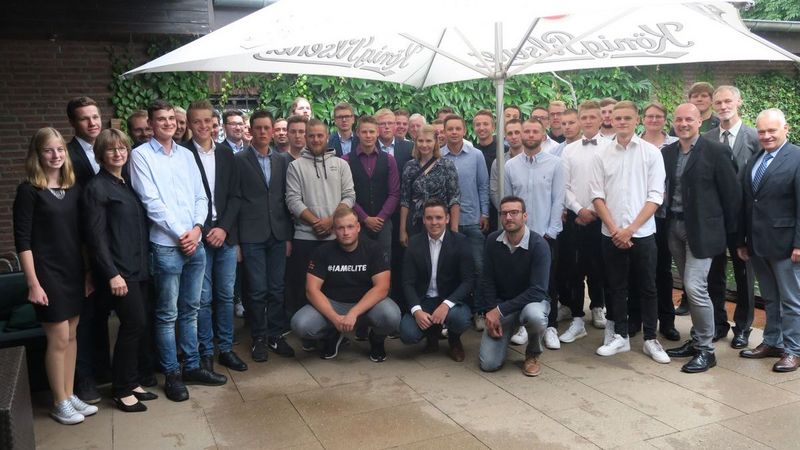 Mit Urkunden und Anstecker ging es für das obligatorische Abschlussfoto nach draußen, ehe zusammen mit den Berufsschullehrern/innen, Ausbildern/innen, Eltern und ehrenamtlichen Vertretern der Kreisverbände und des VGL NRW das Ende der Ausbildungszeit gebührend gefeiert wurde. (GaLaBau-NRW)
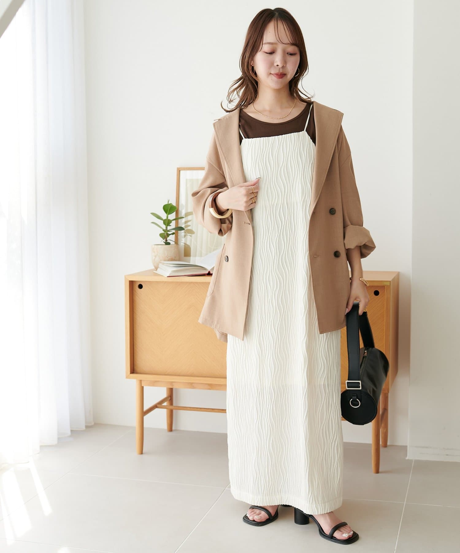 ・落ち感のあるシルエットは、Iラインを惹きたたせスタイルアップも叶えてくれます〇
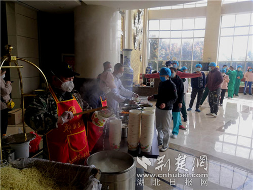 工作組為山西省第四批援鄂醫療隊現場制作熱干面,沖泡蛋酒。通訊員 供圖
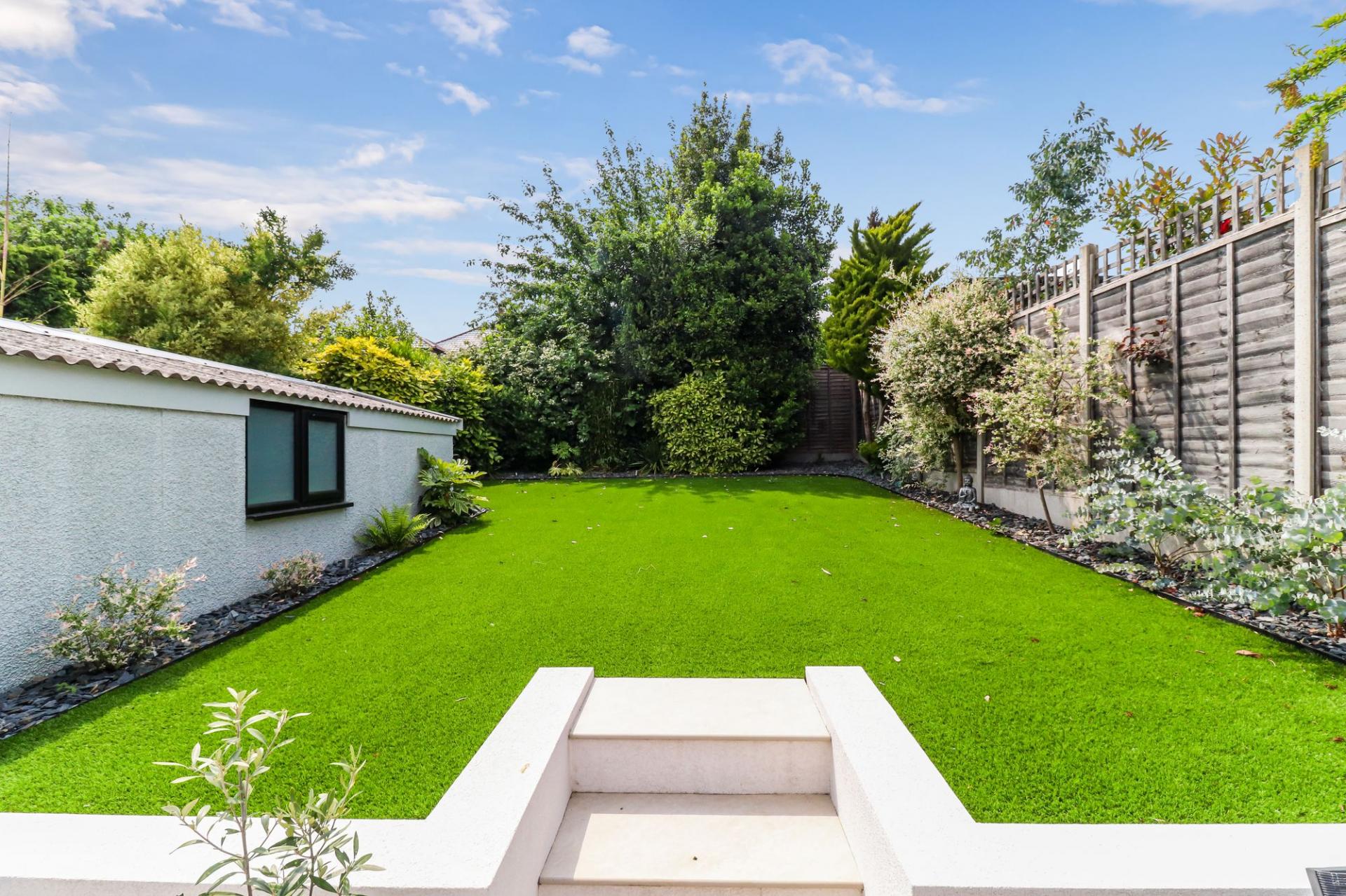 Externally, the low maintenance West-facing rear garden has been fully landscaped and boasts a lovely and spacious patio area, as well as a neat and tidy artificial lawned area. Additionally, there is a detached outbuilding which could easily be used as a home office or gym. Side access leads you to the front of the house, where there is a driveway for multiple vehicles.
⁂
=== Task details ===
Leaving out the pictures, reproduce the whole listing above exactly.

=== Reply to the exercise ===
 Mit Urkunden und Anstecker ging es für das obligatorische Abschlussfoto nach draußen, ehe zusammen mit den Berufsschullehrern/innen, Ausbildern/innen, Eltern und ehrenamtlichen Vertretern der Kreisverbände und des VGL NRW das Ende der Ausbildungszeit gebührend gefeiert wurde. (GaLaBau-NRW)
 ・落ち感のあるシルエットは、Iラインを惹きたたせスタイルアップも叶えてくれます〇
 工作組為山西省第四批援鄂醫療隊現場制作熱干面,沖泡蛋酒。通訊員 供圖
 Externally, the low maintenance West-facing rear garden has been fully landscaped and boasts a lovely and spacious patio area, as well as a neat and tidy artificial lawned area. Additionally, there is a detached outbuilding which could easily be used as a home office or gym. Side access leads you to the front of the house, where there is a driveway for multiple vehicles.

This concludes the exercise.